Of course when I’m in the editor’s chair I have an answer for this. I tell the concerned author that it isn’t what you say, it’s how you say it that makes an important, a worthwhile story. After all, books are like people—there are only so many positive qualities going around: intelligence, sensitivity, humor, physical attractiveness. As a person you can’t realistically think you can reinvent these categories in order to make an impact—to get people to like and notice you. It’s the particular combination of those qualities that makes you an individual, that draws people to you or repels them.


(I can already hear some of you sputtering, "But what about...?" FWIW, I was too (I share [livejournal.com profile] mrissa's "can't say never 'cause..." problem. Though it's not really a problem, just a nuisance when one's itching to indulge in a Categorical Declaration instead of a Long-Ass Parenthetical Tangent. That, and the phrase "only so many" is automatically a red flag, even though he means well).

Still, I like what he said anyway. Mainly because he goes on...


....people often ask me how I stay responsive to wonderful new manuscripts when I read so many every week, every day. The good news and the bad news is that the really special ones stand out as distinctly as real flowers in a shop full of plastic imitations. And it’s just like that really. The actual, living flower, has a smell. It isn’t perfect, it’s colors can be off a bit.

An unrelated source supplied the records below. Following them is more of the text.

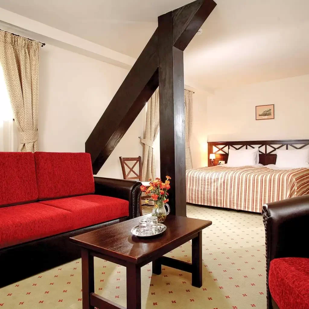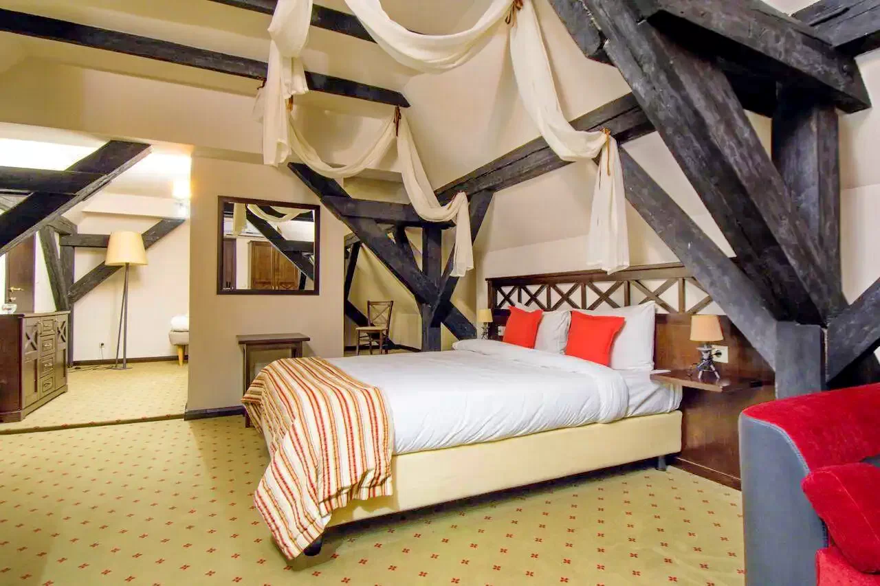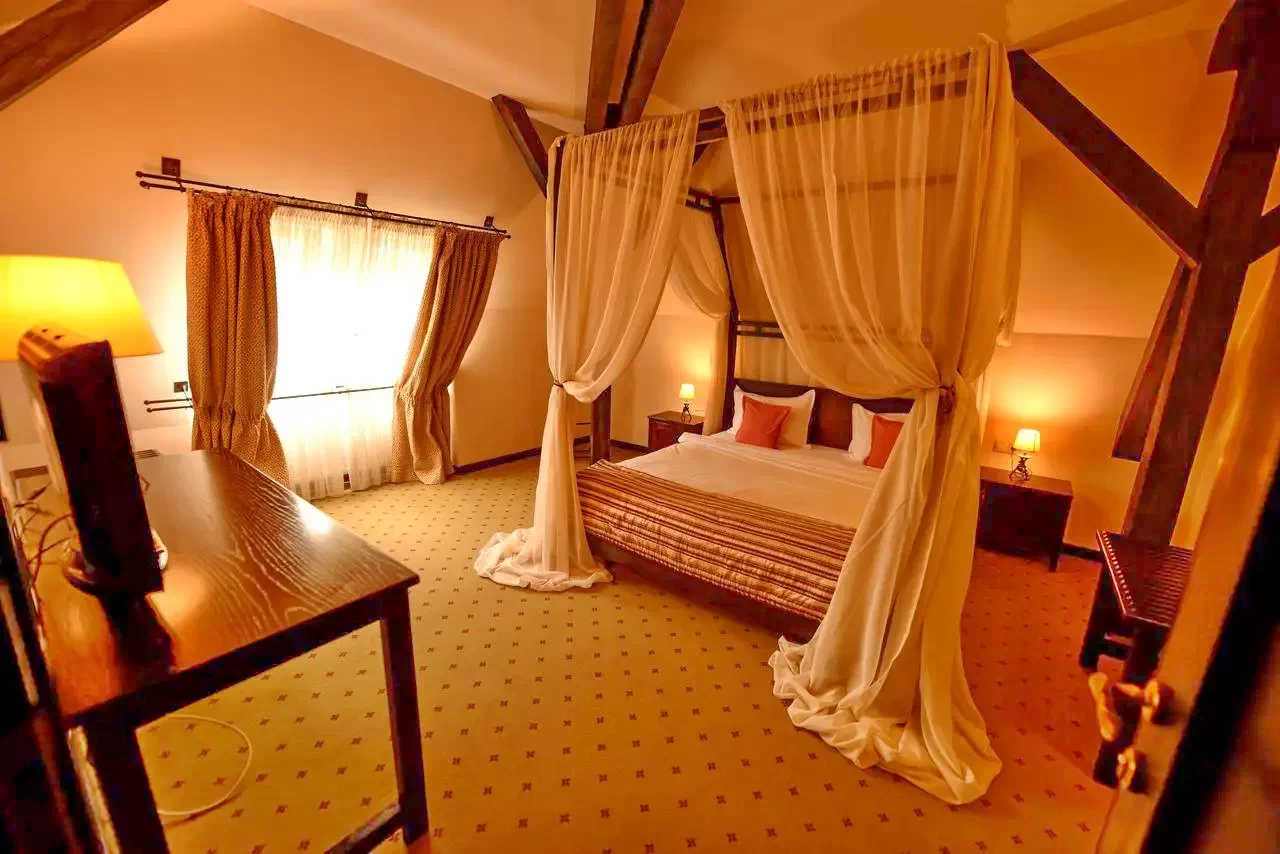 - 1 apartament matrimonial DeLuxe cu pat matrimonial cu baldachin si salon/2 pers.
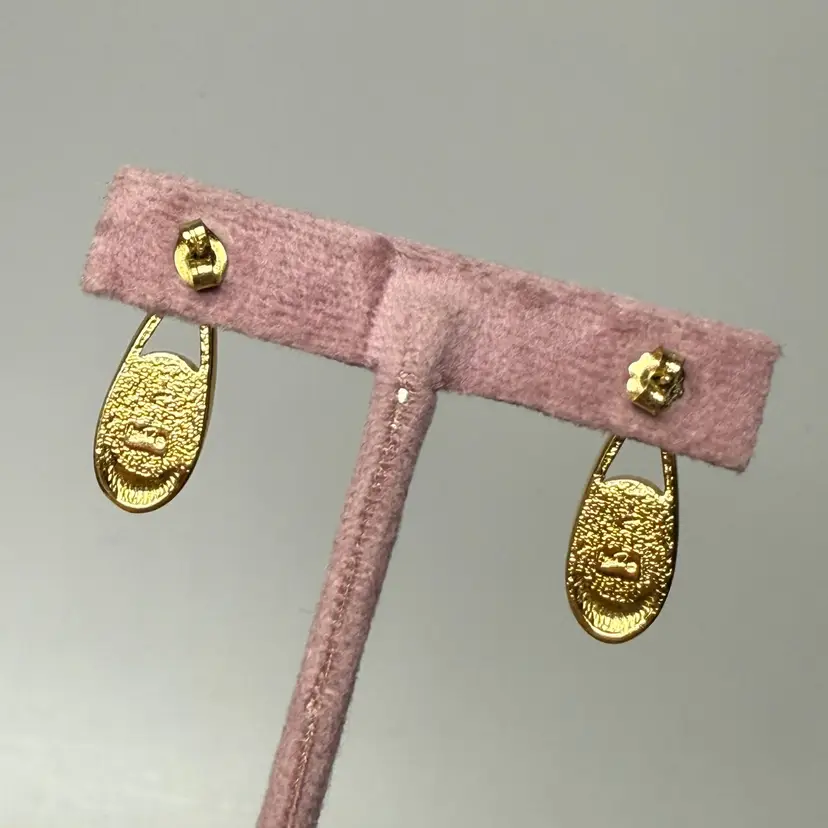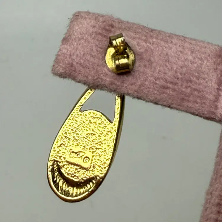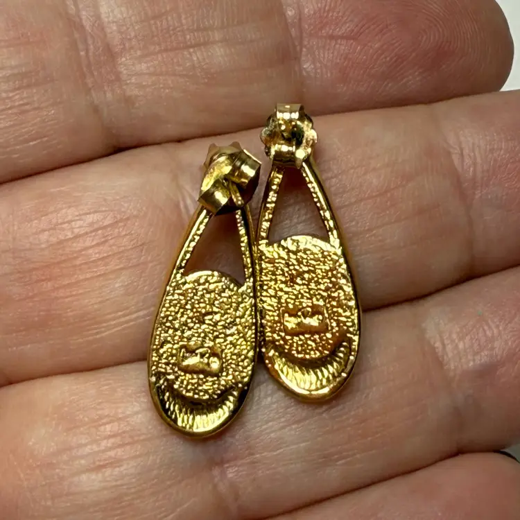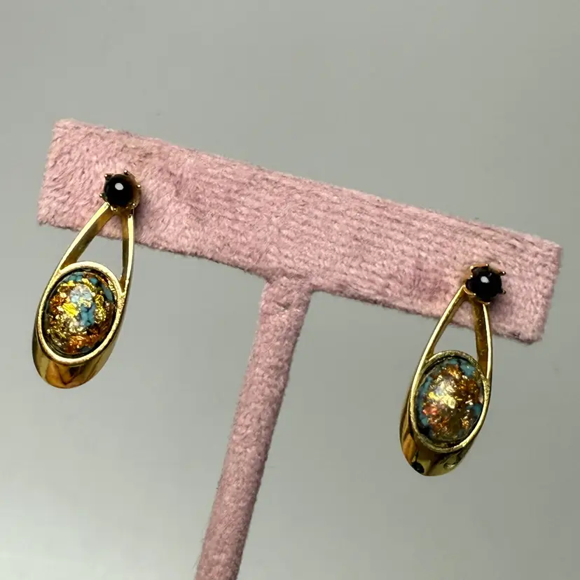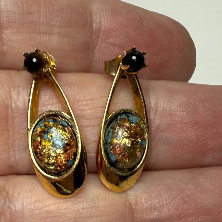 Vintage Rainbow Flake Turquoise Gold Tone Drop Earrings Cat's Eye Studs Signed. 1" long. The studs are brown cat's eye and can be worn with or without the dangle. Great condition. Signed on the back but I cannot make out mark.
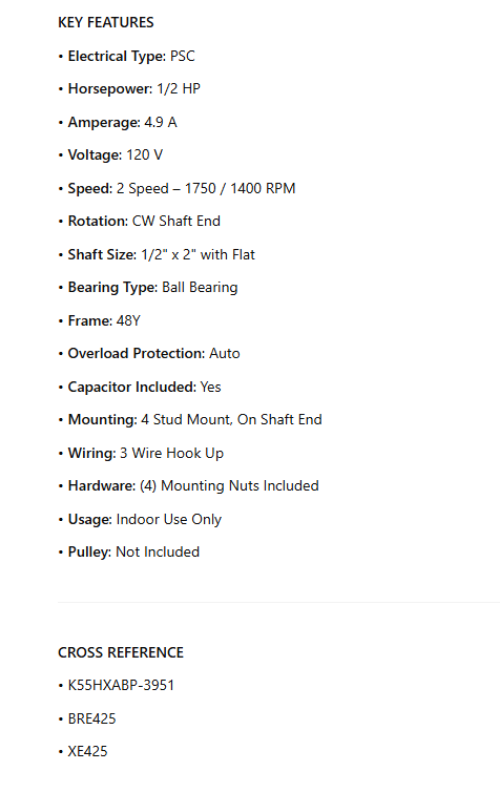 XE425N, OEM Replacement, 1/2Hp, 120V, 1750 / 1400 RPM, Fr. 48Y, CWSE
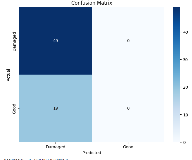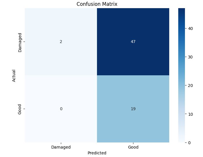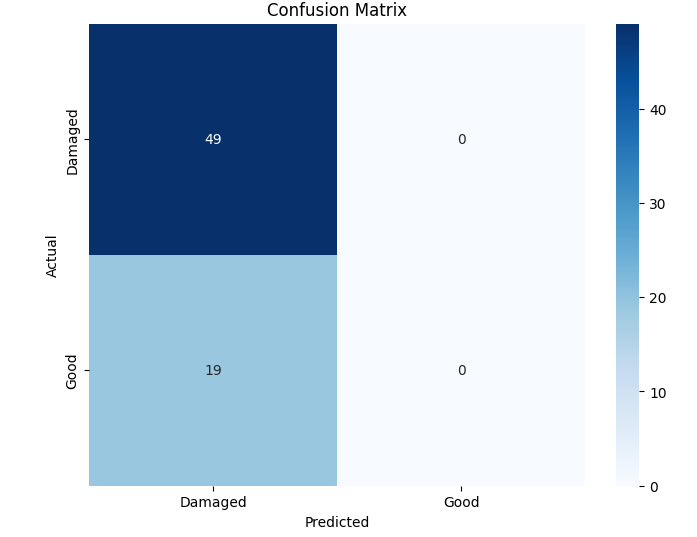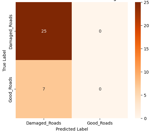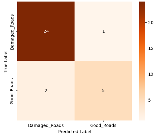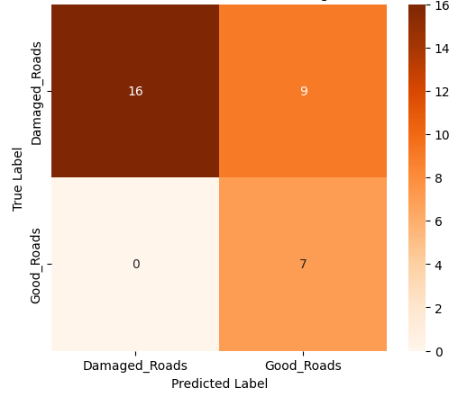 The evolved custom baseline confusion matrix is already presented in Figure 1. Figure 6 now presents the confusion matrices for all four pretrained and transfer learning variants, illustrating their class-wise prediction behavior on the Road Damage test set. Notably, EfficientNetB0 (Transfer Learning) exhibited perfect recall for the majority “Damaged” class but failed to predict any “Good” class instances, highlighting the impact of class imbalance on fixed-feature models. Interestingly, MobileNetV2 (Transfer Learning) achieved a class-wise prediction distribution that closely resembles the much heavier pretrained EfficientNetB0, demonstrating its robustness despite a lightweight architecture.
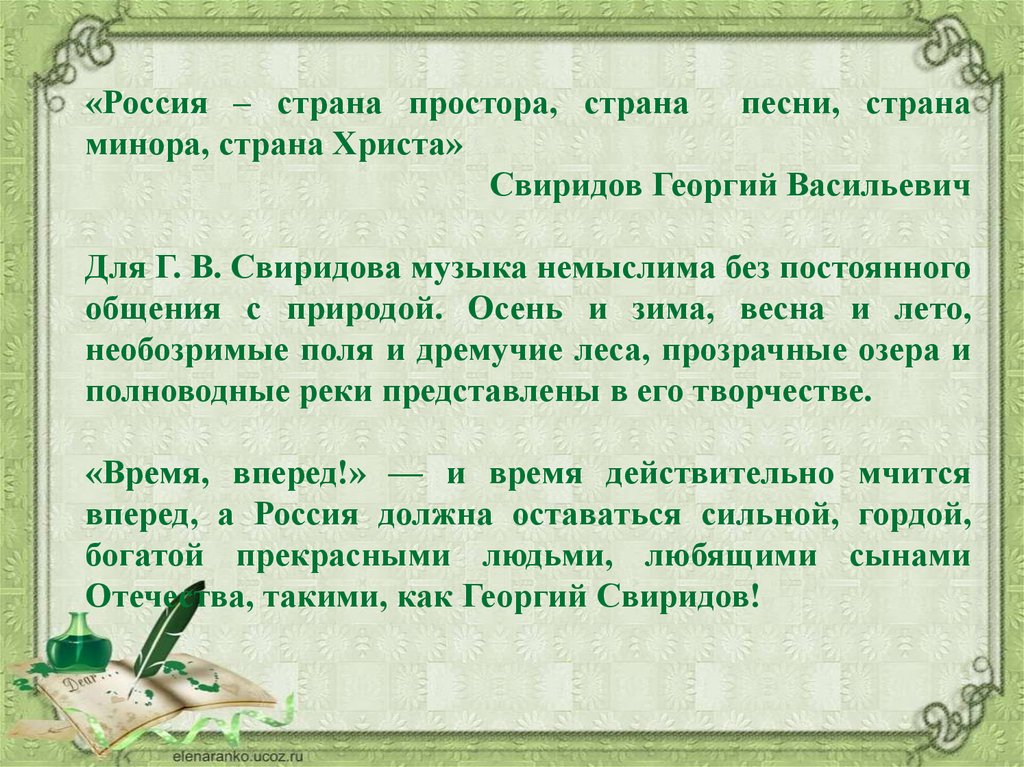 Для Г. В. Свиридова музыка немыслима без постоянного

But it’s REAL and you know it.


And, he really does use the phrase "channeled kosher raisins" later in the speech.)

On the personal level, I'm at the dining room table with a plate of chicken livers and my second can of cherry Coke and a whole heap of whaling-through to whale through:

  • Currently frustrated with a story because I've identified at least six places (in addition to the editors' concerns) that don't seem real enough to me now that I've had a month away from it. (But I did fix one problem tonight. 500 words up; I'm guessing there'll be another 1,000-2,000 net once I excise the glib bits and come up with whatever should be said.


  • Currently inching along on the essay I'd intended to wrap up last weekend, but I'm going to have to tear myself away from it in a few minutes because I still need to (1) finish reading the playscript a student loaned to me on Dorothy L. Sayers, and (2) pull together my outline for today's lecture.


  • Other stuff due this month: The sermon, three courseware scripts, two other essays, an HP illustration, and a poem on Francis Cabrel's eyeglasses are all simmering on my mental back burners, but I can't do anything about them right now.


  • Anyway, I was looking up a detail for El Essay when I came across Levine's blog, which is what prompted this post. So, back to it I go.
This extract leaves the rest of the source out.